**Task objective:**
Retype the entries, please, from their first line to the line containing "Gorka Izagirre tillhör", exactly and only those lines, minus the pictures.
* * *
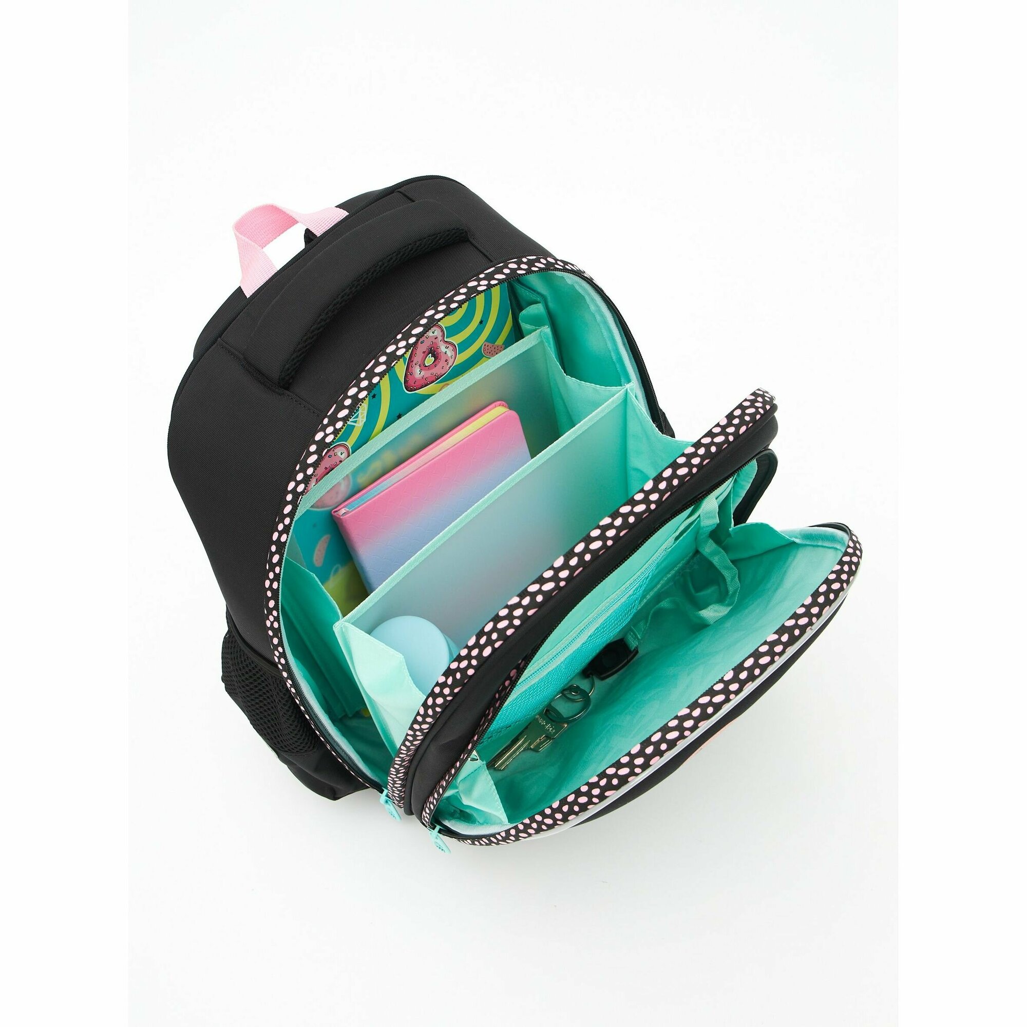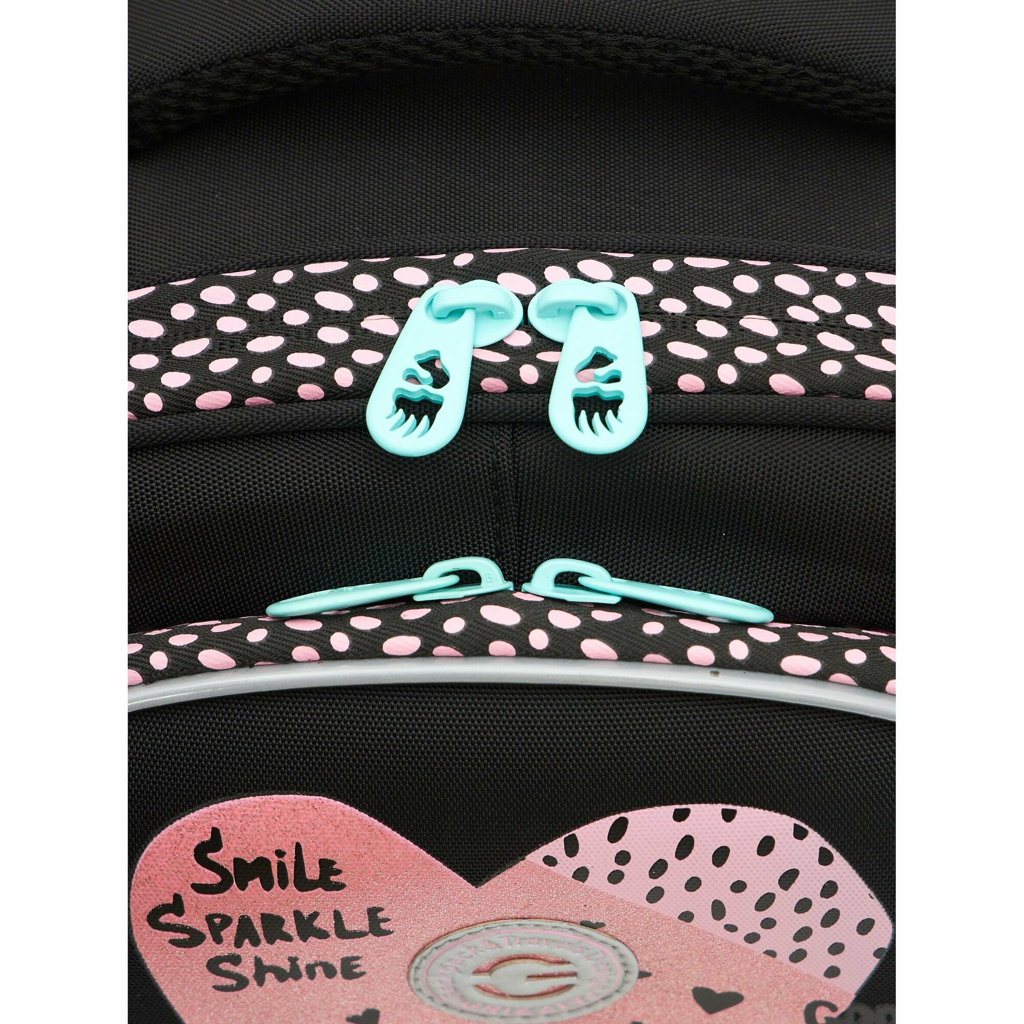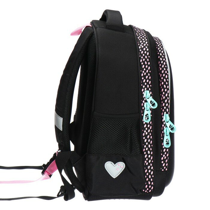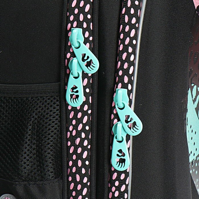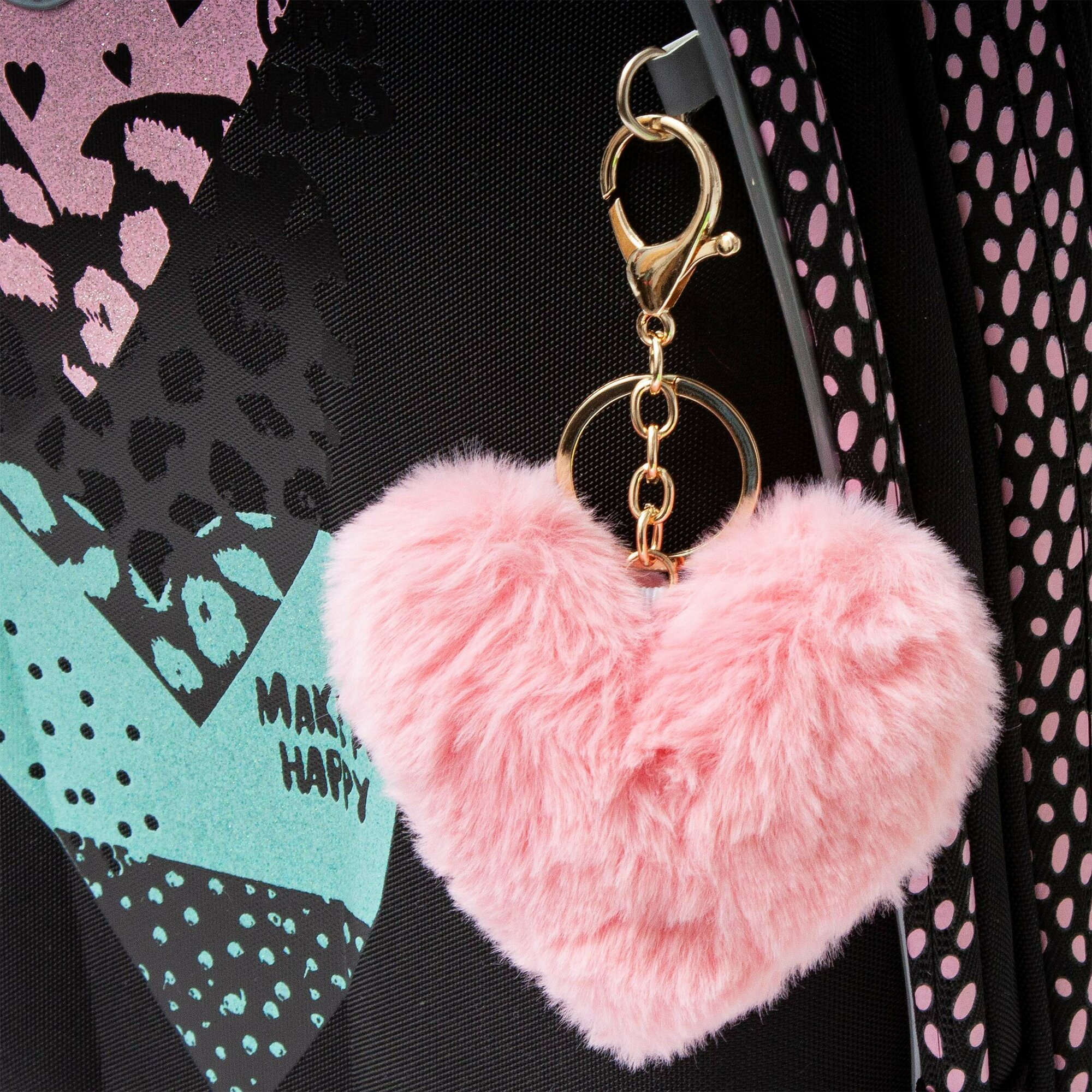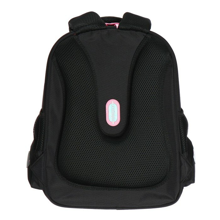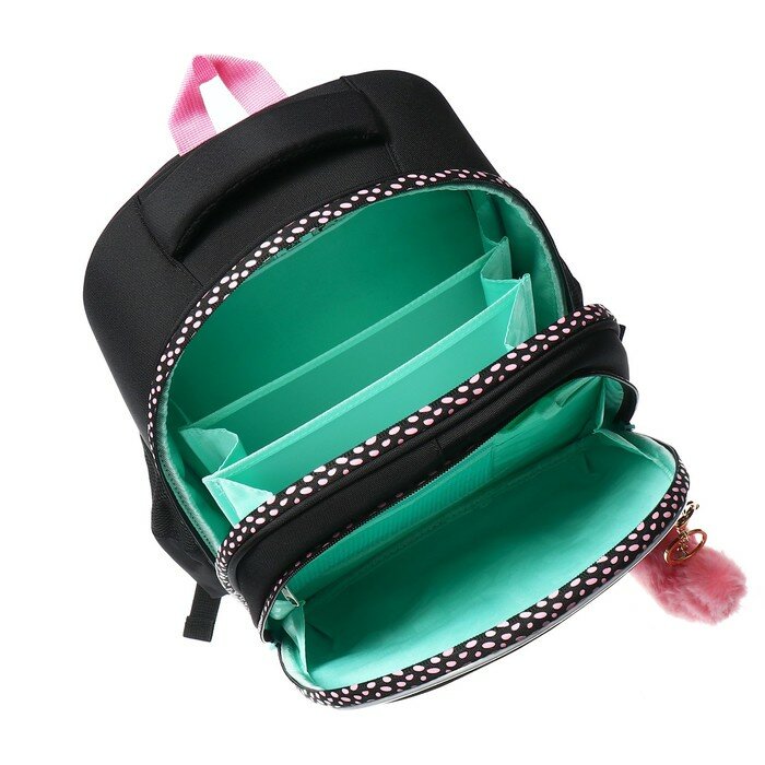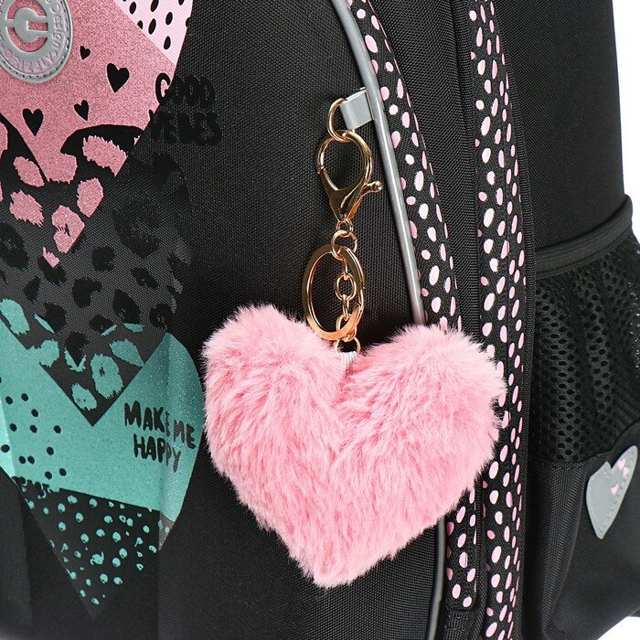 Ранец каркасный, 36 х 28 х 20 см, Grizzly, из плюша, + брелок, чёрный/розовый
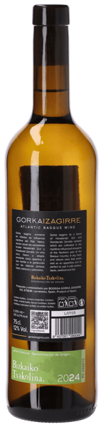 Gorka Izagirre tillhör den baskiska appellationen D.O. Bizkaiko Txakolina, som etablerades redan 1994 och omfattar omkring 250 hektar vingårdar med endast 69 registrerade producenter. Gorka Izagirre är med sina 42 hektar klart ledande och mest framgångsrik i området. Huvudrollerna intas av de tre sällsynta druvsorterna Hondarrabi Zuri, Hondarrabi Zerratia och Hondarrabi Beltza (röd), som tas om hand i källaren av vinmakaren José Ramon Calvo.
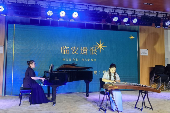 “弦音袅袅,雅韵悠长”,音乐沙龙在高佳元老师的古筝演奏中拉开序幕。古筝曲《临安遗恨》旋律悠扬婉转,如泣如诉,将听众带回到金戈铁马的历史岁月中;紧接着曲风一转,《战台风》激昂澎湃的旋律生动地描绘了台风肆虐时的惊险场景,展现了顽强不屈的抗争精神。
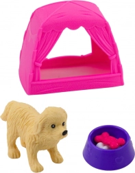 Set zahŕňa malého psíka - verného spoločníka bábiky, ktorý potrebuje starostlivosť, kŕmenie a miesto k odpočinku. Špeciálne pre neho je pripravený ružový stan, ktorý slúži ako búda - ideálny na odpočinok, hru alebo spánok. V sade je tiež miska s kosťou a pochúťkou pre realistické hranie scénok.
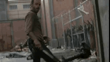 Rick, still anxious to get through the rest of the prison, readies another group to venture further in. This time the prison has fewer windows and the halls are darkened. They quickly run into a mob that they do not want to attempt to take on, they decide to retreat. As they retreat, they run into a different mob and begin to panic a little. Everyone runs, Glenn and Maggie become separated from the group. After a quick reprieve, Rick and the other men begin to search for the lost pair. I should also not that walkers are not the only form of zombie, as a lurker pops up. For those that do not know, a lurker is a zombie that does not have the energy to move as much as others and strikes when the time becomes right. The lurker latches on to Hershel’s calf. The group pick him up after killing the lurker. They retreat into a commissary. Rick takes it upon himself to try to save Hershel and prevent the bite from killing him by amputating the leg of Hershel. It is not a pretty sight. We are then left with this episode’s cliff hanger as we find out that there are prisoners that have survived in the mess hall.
* * *
**Task response:**
 Ранец каркасный, 36 х 28 х 20 см, Grizzly, из плюша, + брелок, чёрный/розовый
 Gorka Izagirre tillhör den baskiska appellationen D.O. Bizkaiko Txakolina, som etablerades redan 1994 och omfattar omkring 250 hektar vingårdar med endast 69 registrerade producenter. Gorka Izagirre är med sina 42 hektar klart ledande och mest framgångsrik i området. Huvudrollerna intas av de tre sällsynta druvsorterna Hondarrabi Zuri, Hondarrabi Zerratia och Hondarrabi Beltza (röd), som tas om hand i källaren av vinmakaren José Ramon Calvo.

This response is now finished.